**Collected data entries**

*** Begin section ***

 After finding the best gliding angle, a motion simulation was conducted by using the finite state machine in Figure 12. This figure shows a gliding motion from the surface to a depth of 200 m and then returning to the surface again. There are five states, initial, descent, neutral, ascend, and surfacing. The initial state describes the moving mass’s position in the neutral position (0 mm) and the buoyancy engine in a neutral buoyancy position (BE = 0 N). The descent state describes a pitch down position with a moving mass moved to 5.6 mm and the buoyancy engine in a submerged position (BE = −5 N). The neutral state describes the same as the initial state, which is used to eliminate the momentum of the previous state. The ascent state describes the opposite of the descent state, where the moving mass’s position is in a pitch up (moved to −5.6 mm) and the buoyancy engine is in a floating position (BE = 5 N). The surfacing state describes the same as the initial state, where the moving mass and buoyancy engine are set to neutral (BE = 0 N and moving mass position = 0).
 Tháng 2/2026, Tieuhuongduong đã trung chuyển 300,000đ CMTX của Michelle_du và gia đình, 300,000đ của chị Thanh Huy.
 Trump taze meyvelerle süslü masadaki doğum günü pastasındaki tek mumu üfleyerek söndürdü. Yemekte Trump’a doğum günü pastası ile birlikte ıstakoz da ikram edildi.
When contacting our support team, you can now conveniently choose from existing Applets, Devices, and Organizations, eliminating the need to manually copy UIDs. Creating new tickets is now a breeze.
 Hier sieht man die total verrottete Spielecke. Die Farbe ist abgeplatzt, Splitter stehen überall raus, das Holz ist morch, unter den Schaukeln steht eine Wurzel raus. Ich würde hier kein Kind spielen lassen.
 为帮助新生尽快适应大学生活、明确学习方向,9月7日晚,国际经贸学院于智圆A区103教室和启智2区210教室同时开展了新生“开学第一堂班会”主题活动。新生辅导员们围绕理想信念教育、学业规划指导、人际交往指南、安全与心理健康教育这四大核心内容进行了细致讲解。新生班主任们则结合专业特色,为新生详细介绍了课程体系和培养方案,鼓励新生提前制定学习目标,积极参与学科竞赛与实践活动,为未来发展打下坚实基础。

*** End section ***

**Assignment**
A verbatim transcription is needed of the lines above, starting at the line with "Tháng 2/2026, Tieuhuongduong" and ending at the line with "Trump taze meyvelerle", both included, and of nothing else.

**Answer to this exercise**
 Tháng 2/2026, Tieuhuongduong đã trung chuyển 300,000đ CMTX của Michelle_du và gia đình, 300,000đ của chị Thanh Huy.
 Trump taze meyvelerle süslü masadaki doğum günü pastasındaki tek mumu üfleyerek söndürdü. Yemekte Trump’a doğum günü pastası ile birlikte ıstakoz da ikram edildi.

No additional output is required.